Hillary says people misunderstood her comment about white married women asking their husbands who to vote for but, inexplicably, she is still saying it.
Even Marie Harf wants Mrs. Clinton to “go away” but Hillary would be sorely missed by Republicans. A case in point is her explanation for her recent statement in India that married white women ask the significant men in their lives who to vote for. She said that while insulting Middle America.
It was all a misinterpretation according to her in a wordy explanation on Facebook. She’s not really sorry though because in her explanation she concludes that evidence supports what she said.
“I understand how some of what I said upset people and can be misinterpreted. I meant no disrespect to any individual or group. And I want to look to the future as much as anybody,” Clinton began.

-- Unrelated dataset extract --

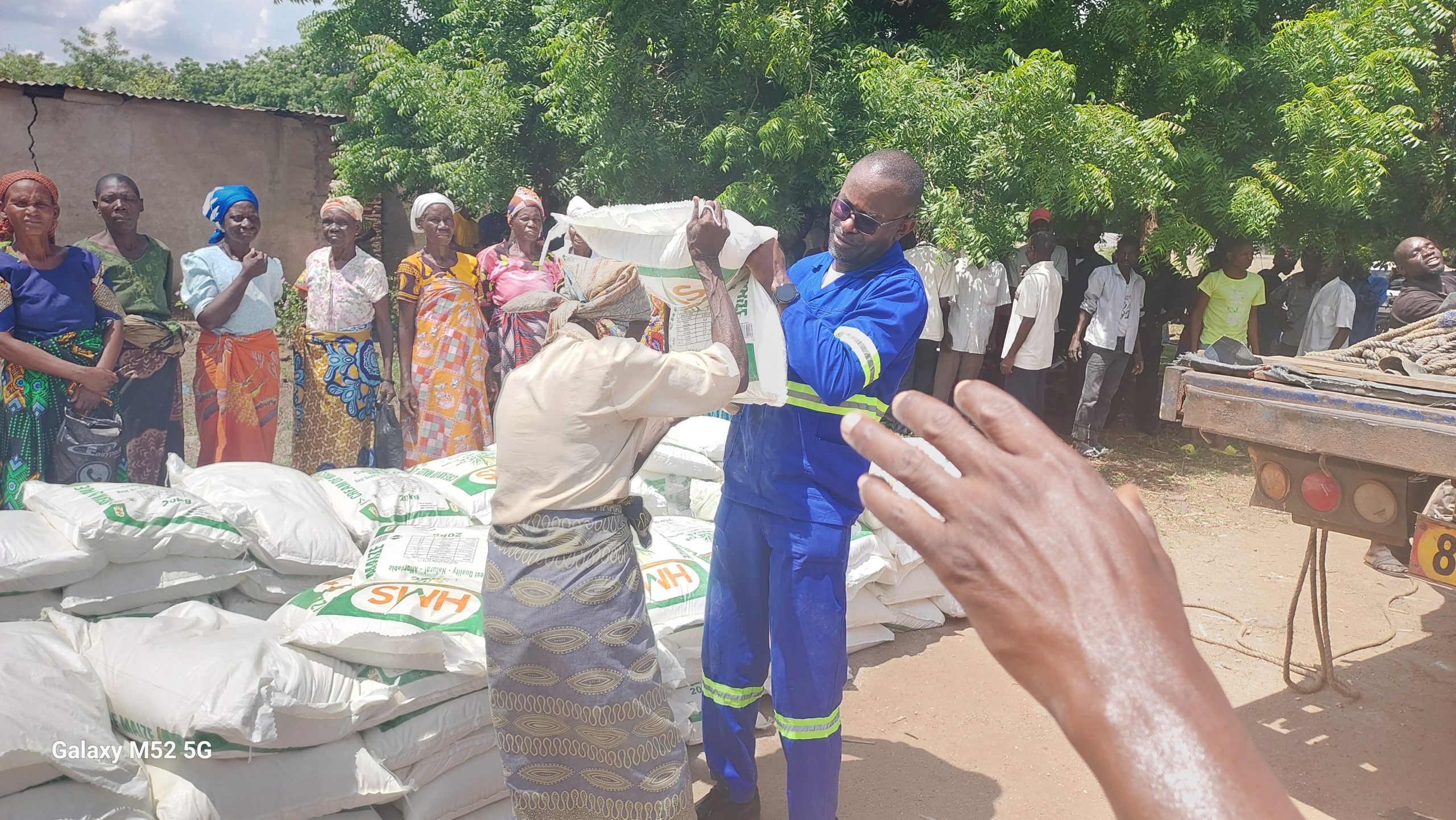 The Human Resource Manager for the Stephanos Foundation was tasked to do the distribution in the districts of Chikwawa and Nsanje. In the picture the Human Resource Manager (Robin Kajasiche) in a worksuit, helps one of the elderly carry a 20 kilogrammes bag of maize flour.

Despite what she wrote, her original statement was very clear and hard to misunderstand. She said:
“We do not do well with white men and we don’t do well with married, white women,” Clinton said during the event. “And part of that is an identification with the Republican Party, and a sort of ongoing pressure to vote the way that your husband, your boss, your son, whoever, believes you should.”
One would have to be fairly dopey to misinterpret that. Hillary said plainly that white married women who didn’t vote for her are simply listening to white men. The Facebook apology – sort of – didn’t really take that back. She wrote:
“That there is anecdotal evidence and some research to suggest that women are unfortunately more swayed by men than the other way around,” she wrote. “I did not realize how hard it would hit many who heard it.”

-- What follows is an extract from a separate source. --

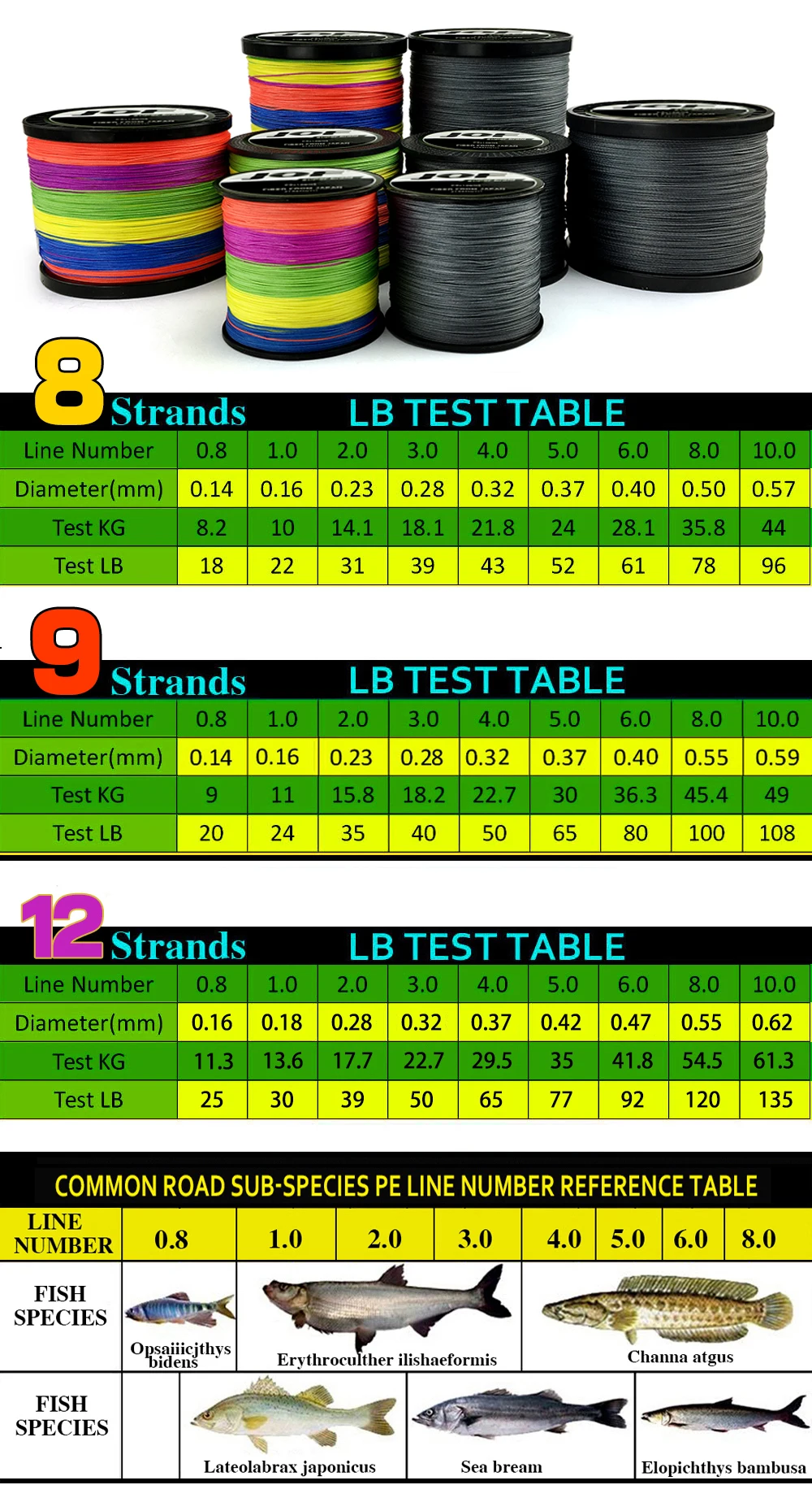Характеристики:Тип: плетеная лескаМатериал: сверхпрочные волокна PEПлетение: 12 прядей/9 прядей/8 прядейМетров: 100 м/300 мДиапазон испытаний прочности (LB):18LB-135LBДиапазон испытаний прочности (кг):9-61,3 кгДиапазон диаметра (мм): 0,16 мм-0,62 мм4 цвета: серый/многоцветный/зеленый/желтыйСтойкость к истиранию: прочный PE, японский материал, прочный и долговечныйПоглощение воды: нетПамять: очень низкаяСлой покрытия: ГладкийПодходит: соленая вода/пресная вода Посылка в комплекте1 шт. * леска

Anecdotal evidence? That’s no evidence.
In other words, Hillary does indeed think you dopey white married women are voting the way the men tell you to vote.

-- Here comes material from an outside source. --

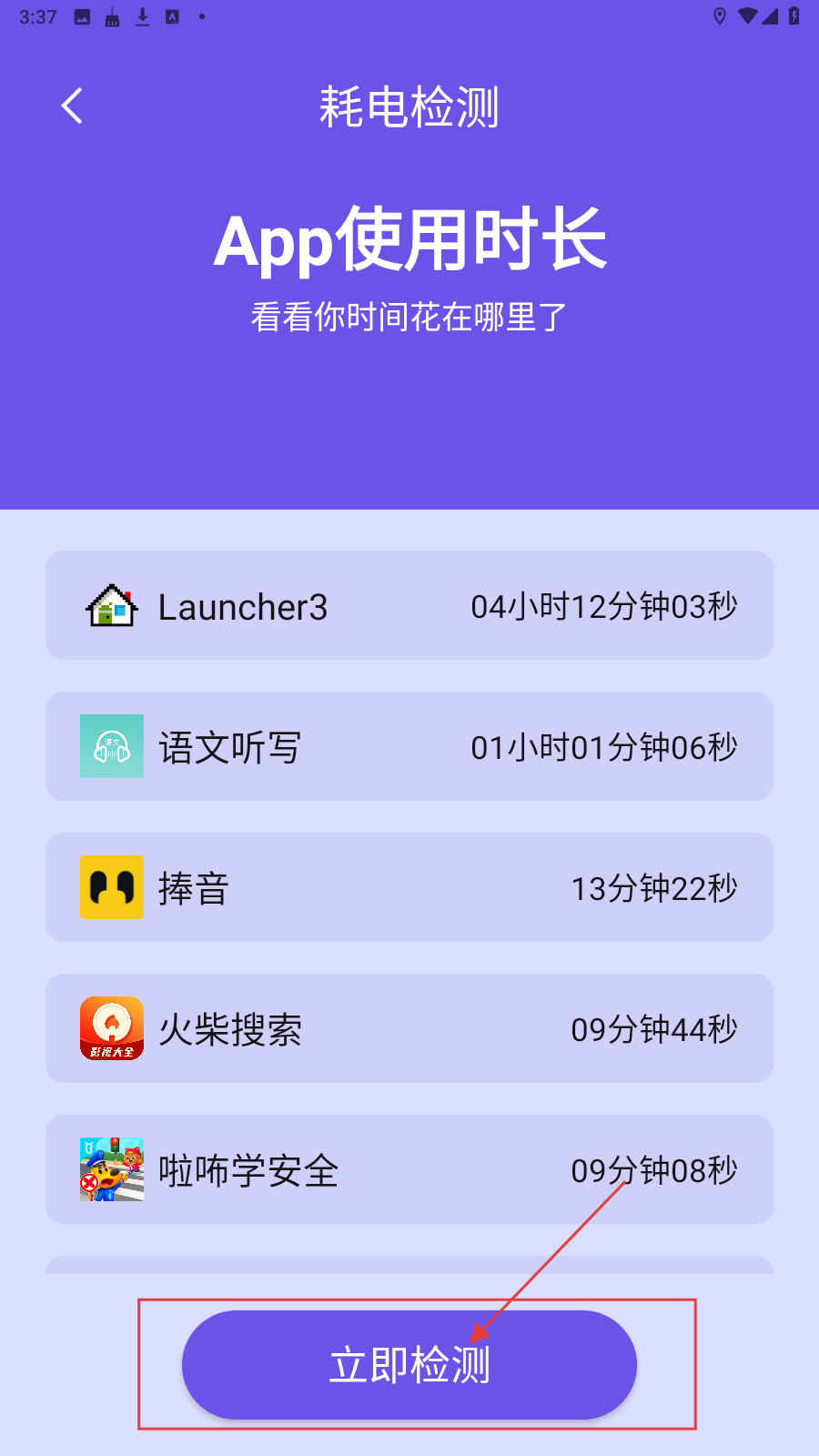 1、在首页点击【立即检测】按钮,进入耗电检测页面,查看App使用时长。

“Do I believe that some women look at a powerful woman and question whether she can lead, maybe voting for the man their husband is voting for instead?” she continued. “It may not be universally true or easy to hear, but yes, it’s a dynamic still at play in our society.
“I know this because even I spent parts of my life wondering if I could achieve the same as male leaders, and a lot of that insecurity stemmed from my gender and how society views women,” Clinton claimed.
There will never be another Hillary.